Below are records with pictures in them. Transcribe everything from the line containing "另一侧的投壶体验区同样热闹。" down to the line containing "뉴스펀치 김길룡 기자", exactly, and leave the pictures behind.

__Information shown__
━━━━

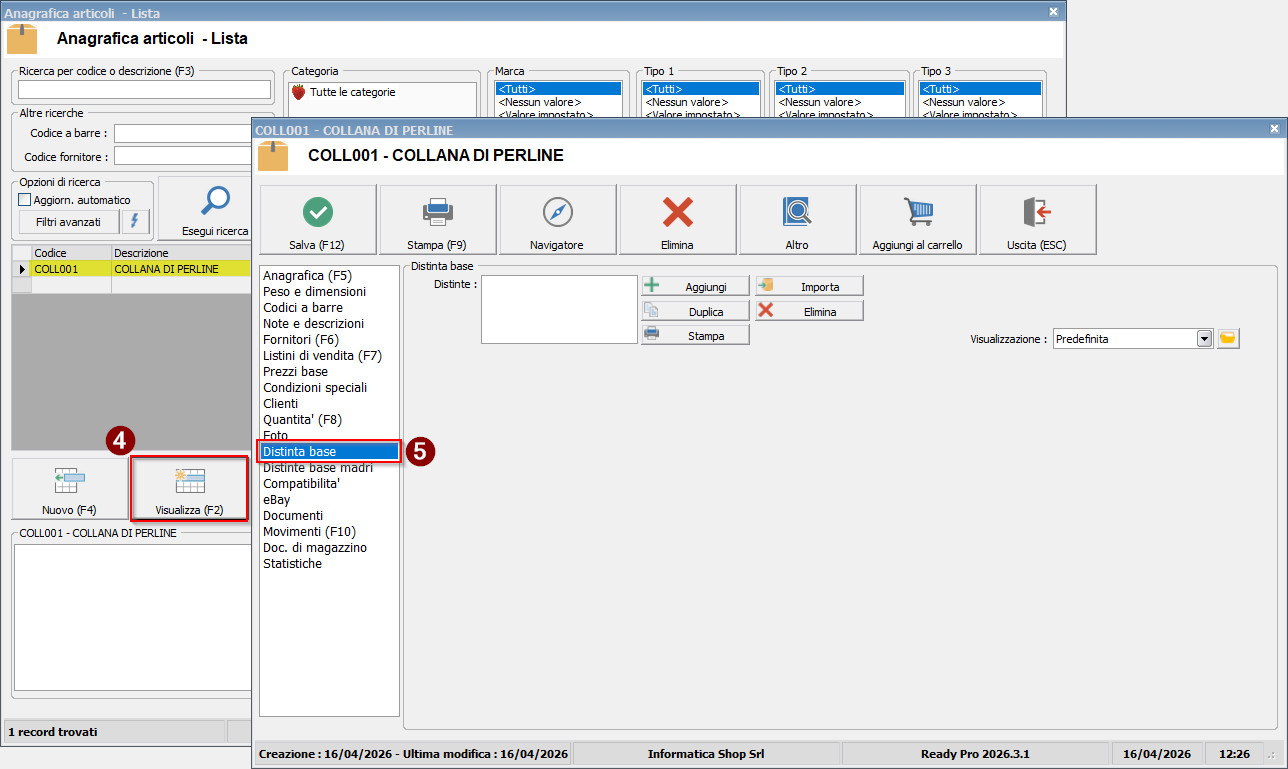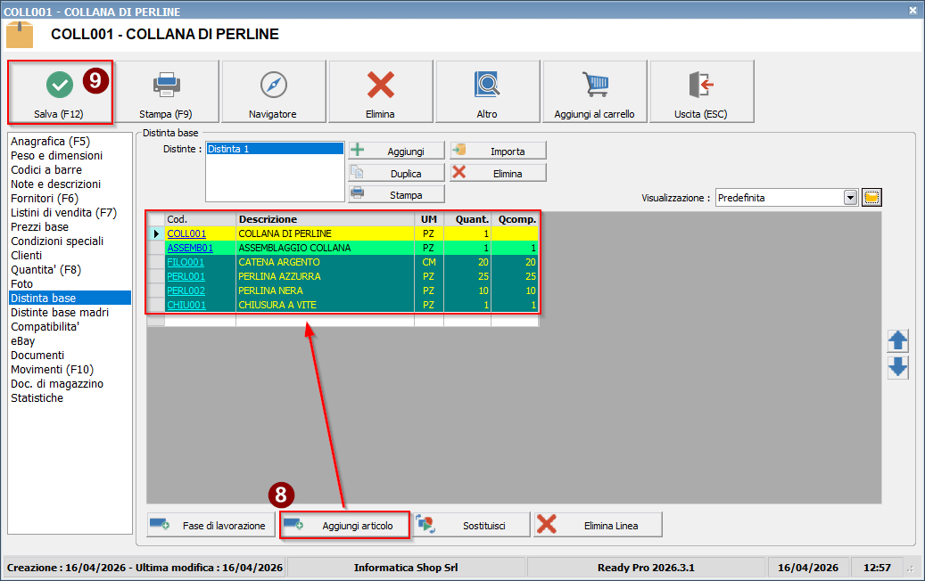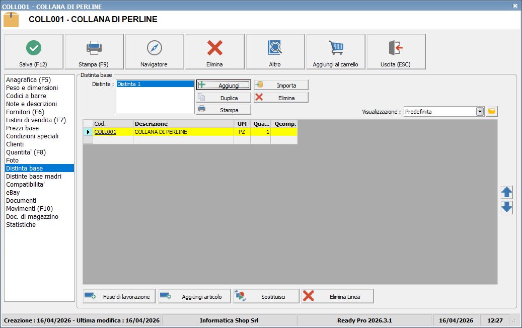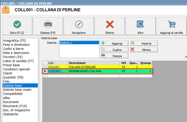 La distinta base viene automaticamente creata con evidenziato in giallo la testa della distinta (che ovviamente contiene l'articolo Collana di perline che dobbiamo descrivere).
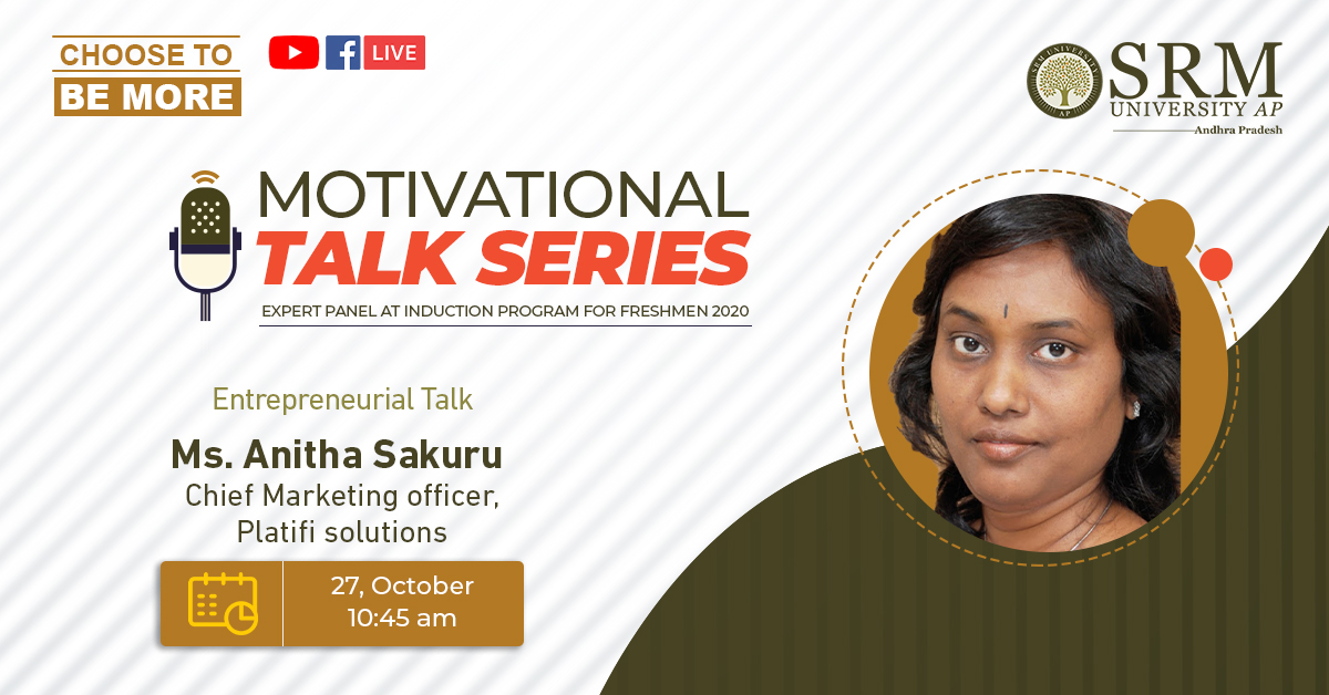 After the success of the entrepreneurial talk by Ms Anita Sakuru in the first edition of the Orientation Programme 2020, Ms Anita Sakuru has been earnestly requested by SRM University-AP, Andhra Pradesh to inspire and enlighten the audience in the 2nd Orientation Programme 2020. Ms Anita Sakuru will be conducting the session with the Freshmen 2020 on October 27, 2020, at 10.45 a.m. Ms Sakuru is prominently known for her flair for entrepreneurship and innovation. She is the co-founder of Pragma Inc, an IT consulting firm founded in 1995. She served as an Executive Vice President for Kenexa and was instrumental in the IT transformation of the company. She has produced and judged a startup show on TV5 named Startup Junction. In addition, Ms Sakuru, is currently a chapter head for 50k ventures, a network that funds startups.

━━━━

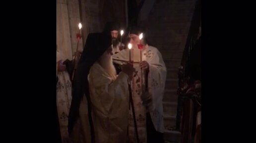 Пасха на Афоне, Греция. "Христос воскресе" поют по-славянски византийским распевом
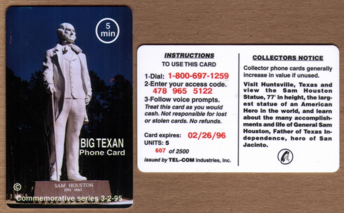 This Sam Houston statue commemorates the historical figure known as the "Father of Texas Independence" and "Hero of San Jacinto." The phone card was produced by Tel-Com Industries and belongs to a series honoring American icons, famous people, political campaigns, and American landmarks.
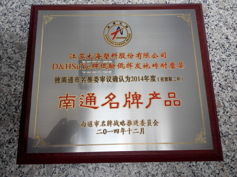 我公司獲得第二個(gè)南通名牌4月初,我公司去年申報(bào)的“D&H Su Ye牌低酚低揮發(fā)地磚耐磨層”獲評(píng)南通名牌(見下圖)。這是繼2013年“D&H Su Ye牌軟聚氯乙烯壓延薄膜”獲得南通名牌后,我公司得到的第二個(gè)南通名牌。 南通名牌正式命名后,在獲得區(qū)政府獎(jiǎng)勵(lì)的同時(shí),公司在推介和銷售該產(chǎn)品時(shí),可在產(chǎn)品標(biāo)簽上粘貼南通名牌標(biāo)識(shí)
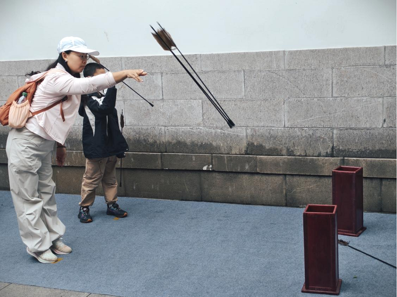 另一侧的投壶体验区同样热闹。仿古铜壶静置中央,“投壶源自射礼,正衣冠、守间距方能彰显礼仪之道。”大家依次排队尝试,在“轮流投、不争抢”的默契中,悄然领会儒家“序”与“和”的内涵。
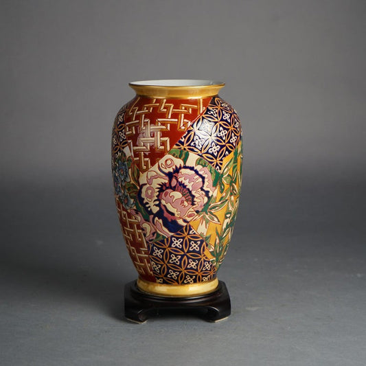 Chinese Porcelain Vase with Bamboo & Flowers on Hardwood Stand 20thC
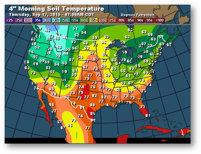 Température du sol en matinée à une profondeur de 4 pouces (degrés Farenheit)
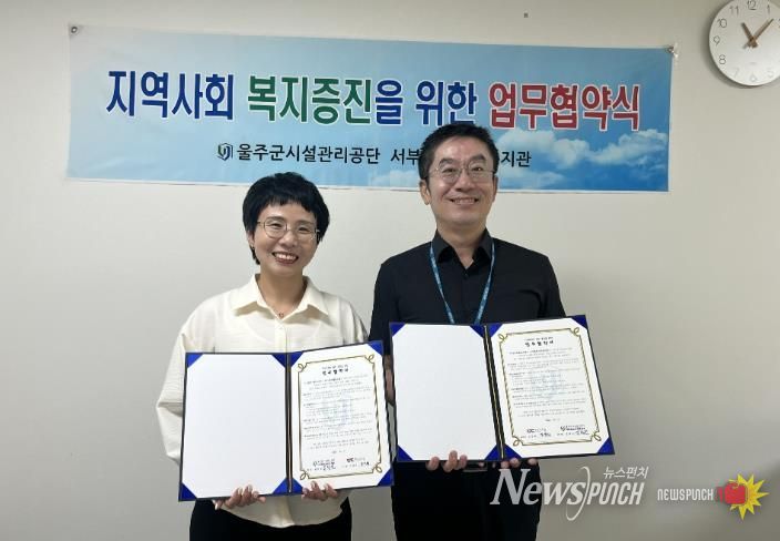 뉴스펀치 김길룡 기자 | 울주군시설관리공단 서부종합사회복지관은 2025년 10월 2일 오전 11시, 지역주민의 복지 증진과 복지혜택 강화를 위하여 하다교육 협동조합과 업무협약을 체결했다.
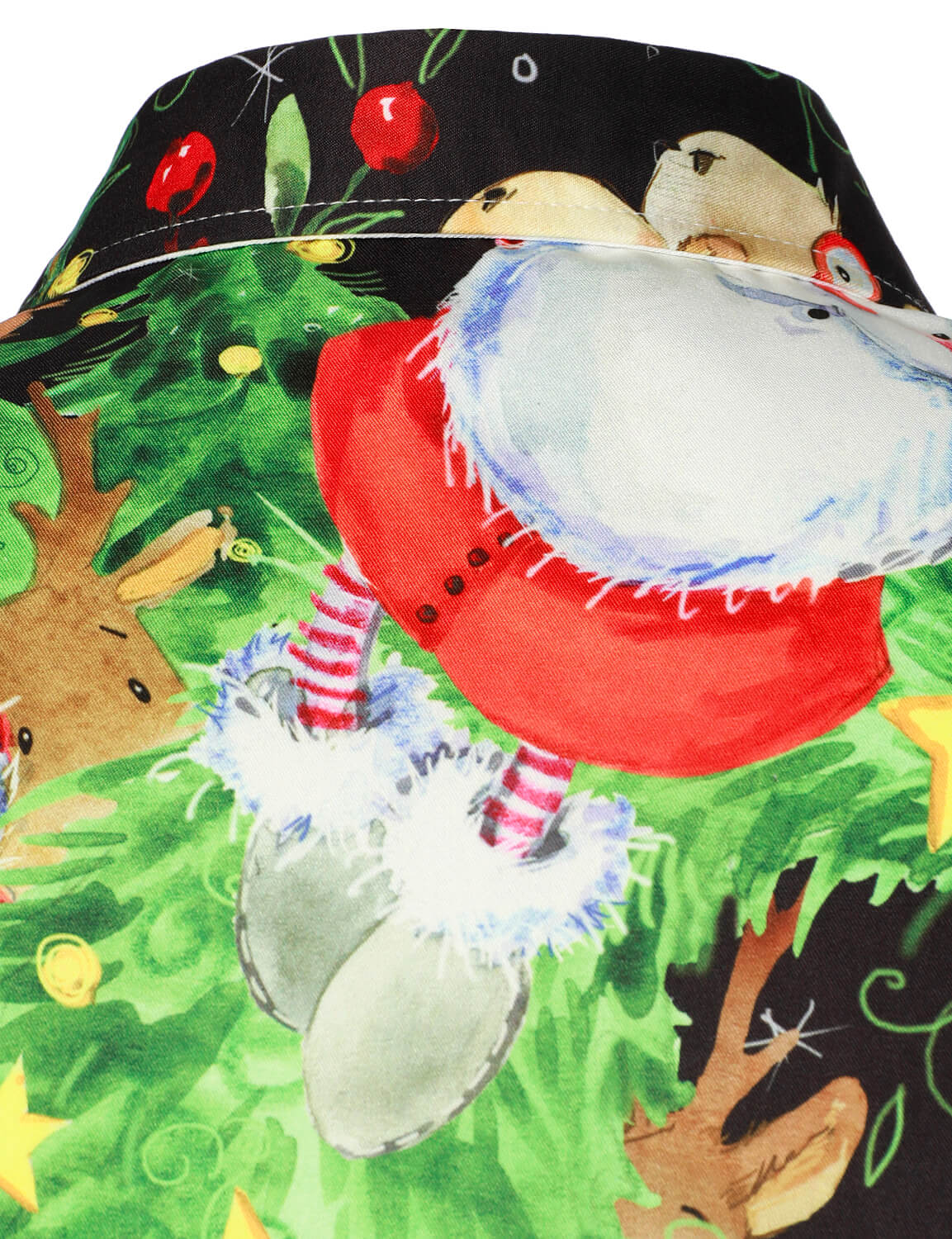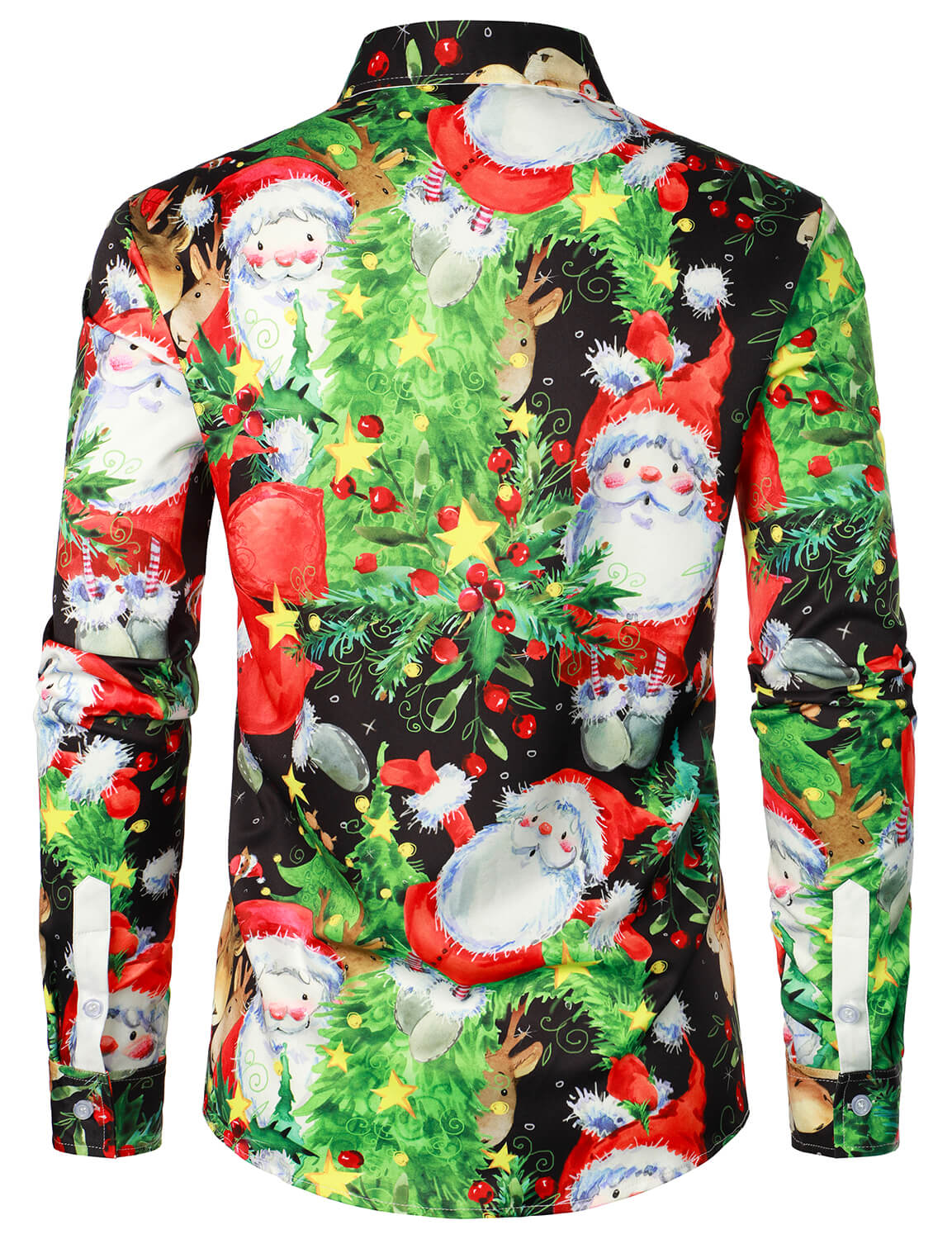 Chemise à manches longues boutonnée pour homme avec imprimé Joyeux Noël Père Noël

━━━━

__Solution__
 另一侧的投壶体验区同样热闹。仿古铜壶静置中央,“投壶源自射礼,正衣冠、守间距方能彰显礼仪之道。”大家依次排队尝试,在“轮流投、不争抢”的默契中,悄然领会儒家“序”与“和”的内涵。
 Chinese Porcelain Vase with Bamboo & Flowers on Hardwood Stand 20thC
 Température du sol en matinée à une profondeur de 4 pouces (degrés Farenheit)
 뉴스펀치 김길룡 기자 | 울주군시설관리공단 서부종합사회복지관은 2025년 10월 2일 오전 11시, 지역주민의 복지 증진과 복지혜택 강화를 위하여 하다교육 협동조합과 업무협약을 체결했다.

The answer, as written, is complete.